Transmissions play a critical role in reactive power balance and over voltage control during the
restoration implementation. In order to maintain a normal voltage profile and avoid the
generation of excessive reactive power, it is advisable to energize the smallest possible number
of transmission lines in a proper sequence during the restoration process.

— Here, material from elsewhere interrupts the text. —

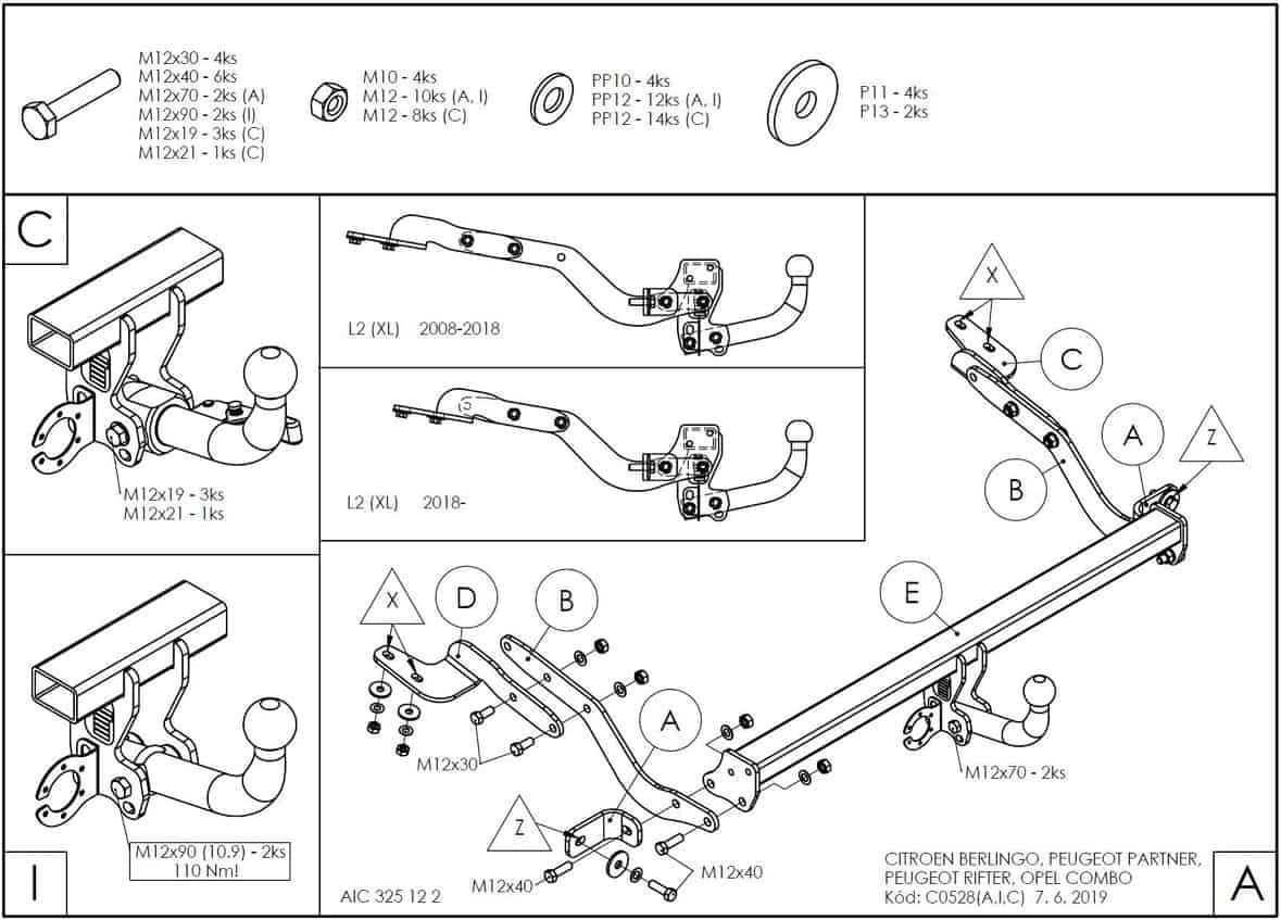 Hak holowniczy Galia, z kulą demontowalną automatycznie, bez użycia narzędzi do Peugeot Rifter od roku 2018. Wersja długa.

Circuit breakers have the capability to go through a certain number of open-close sequences
when automatic enclosing is enabled. Once the available number of open-close sequences is
exhausted, the circuit breaker goes into a lock-out state. Permanent non recoverable equipment
faults may also lead to circuit breaker lock-outs. A locked out circuit breaker will normally
require manual resetting before it can be made available for normal operations. Clearly, the
locked-out circuit breakers cannot be used for automatic restoration and should be taken into
account by the PSR scheme. Power System Restoration (PSR) has been a subject of study for
many years. In recent years many techniques were proposed to solve the limitations of
predetermined restoration guidelines and procedures used by a majority of system operators to
restore a system following the occurrence of a wide area disturbance. This paper discusses
limitations encountered in some currently used PSR techniques and a proposed improvement
based on Artificial Neural Networks (ANNs). This proposed scheme has been tested on a 162-
bus transmission system and compared with a breadth search transmission system. The results
indicate that, this is a feasible option that should be considered for real time applications.

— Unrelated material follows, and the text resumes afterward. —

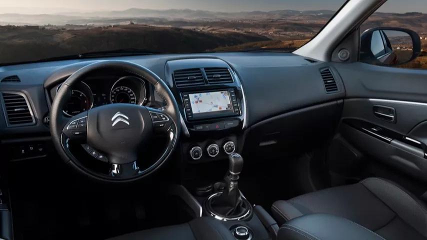 In deze SUV zit je lekker hoog met een goed uitzicht op de weg. De rijeigenschappen zijn, voor het type auto, helemaal niet slecht. Je voelt de C4 Aircross wel wat overhangen in bochten, maar het veercomfort is verder wel goed en het stuurgedrag is in orde. Citroën mag zijn C4 Aircross dan door Mitsubishi laten bouwen, ze hebben er wel hun eigen dieselmotor ingestopt. Een fijne HDi met een vermogen van 115 pk oftewel 84 kW. Het maximumkoppel bedraagt 270 Nm en wordt al bij 1750 toeren bereikt. Dat betekent gewoon dat deze diesel lekker veel trekkracht heeft. Erg lawaaiig is hij niet, eigenlijk is het windgeruis in de Aircross hinderlijker dan het motorgeluid. In de vierwielaangedreven versie kun je met een draaiknop kiezen uit drie standen. In de 2WD stand worden alleen de voorwielen aagedreven en rij je het zuinigst. In de 4WD stand doen ook de achterwielen mee, maar de mate waarin wordt automatisch bepaald, afhankelijk van de omstandigheden. In de 'Lock' stand wordt het vermogen 50/50 over voor- en achterwielen verdeeld. Ideaal in het terrein of bij een dik pak sneeuw.De Citroën C4 Aircross van binnen

Artificial Neural Networks (ANNs) are computational techniques that try to obtain a
performance similar to that of human performance when solving problems. The building block of
ANN is Artificial Neuron, which has got structural & functional similarities with biological
neurons. ANN is also an efficient alternative for problem solutions where it is possible to obtain
data describing the problem behavior, but a mathematical description of the process is
impossible. The proposed restoration scheme is composed of several Island Restoration Schemes
(IRS). Each IRS is responsible for the development of an Island Restoration Plan when the
power system is recovering from a wide area disturbance [26].
2.11 POWER SYSTEM RESTORATION CASE STUDIES
Most of the published case studies come from North America. A number of black start studies
can be found in [27-31]. The restoration of large power systems in North America for Pacific
Northwest, Ontario-Hydro and Hydro-Quebec is covered in [32-37], and a report dealing with
the restoration of a metropolitan electrical system in [38]. A Mexican study of restoration
policies and their application is treated in [38].

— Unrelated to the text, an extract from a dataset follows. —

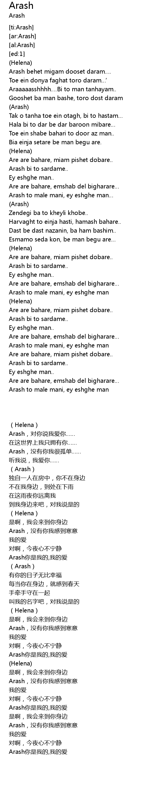 | [01:58.530] | Arash to male mani, ey eshghe man |
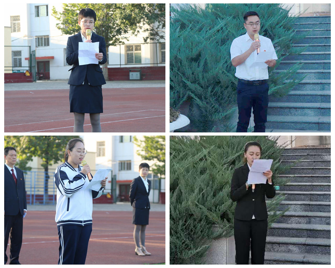 教师代表化学系党总支书记李燕、思政部黄文秀班班主任曹凡分别发言。他们表示,“九一八”事变是中华民族的一场国难。89年后的今天,所有中国人要铭记那一段屈辱历史,牢记“落后就要挨打”的惨重教训,奋发努力,振兴中华,担负起新时代的历史重任。张䶮和张雅鋆同学作为学生代表分别发言。他们表示,作为新时代大学生应不忘国耻,珍惜当下,努力学习,为中华民族伟大复兴中国梦贡献自己的力量。

European case studies describe restoration experiences in French, Greek, and Swedish Systems
[39-42], Italy [43, 44], Slovenia [45], and Germany [46].
2.12 POWER SYSTEM PROTECTION
All electrical machines, apparatus and other forms of electrical equipment must satisfy two main
requirements which are; they must be able to operate continuously under normal service
conditions and must be able to withstand short-time over-currents and over-voltages such as may
arise during emergent conditions.
Now, one of the most important components of a power protection system is the relay which is a
device that trips the circuit breakers when the input voltage and current signals correspond to the
fault conditions designed for the relay operation. Relays in general can be classified into the
following categories [47-51]:
Directional Relays: These relays respond to the phase angle difference between two
inputs to the relay.
Differential Relays: These relays respond to the magnitude of the algebraic sum of two or
more of its inputs.
Magnitude Relays: These relays respond to the magnitude of the input quantity.
Pilot Relays: These relays respond to the input signals that are communicated to the relay
from a remote location.
Distance Relays: These relays respond to the ratio of two input phasor signals.
Among the various relays that are used for the protection of power lines distance relays are the
most relevant to fault locators. Usually a pair of these distance relays is used for the protection of
a two-terminal transmission line [52].
2.13 TRANSMISSION LINE FAULT LOCATION TECHNIQUES
The transmission line fault location process has been researched for a while and several
innovative and efficient techniques have been proposed and analyzed by several authors [53-61].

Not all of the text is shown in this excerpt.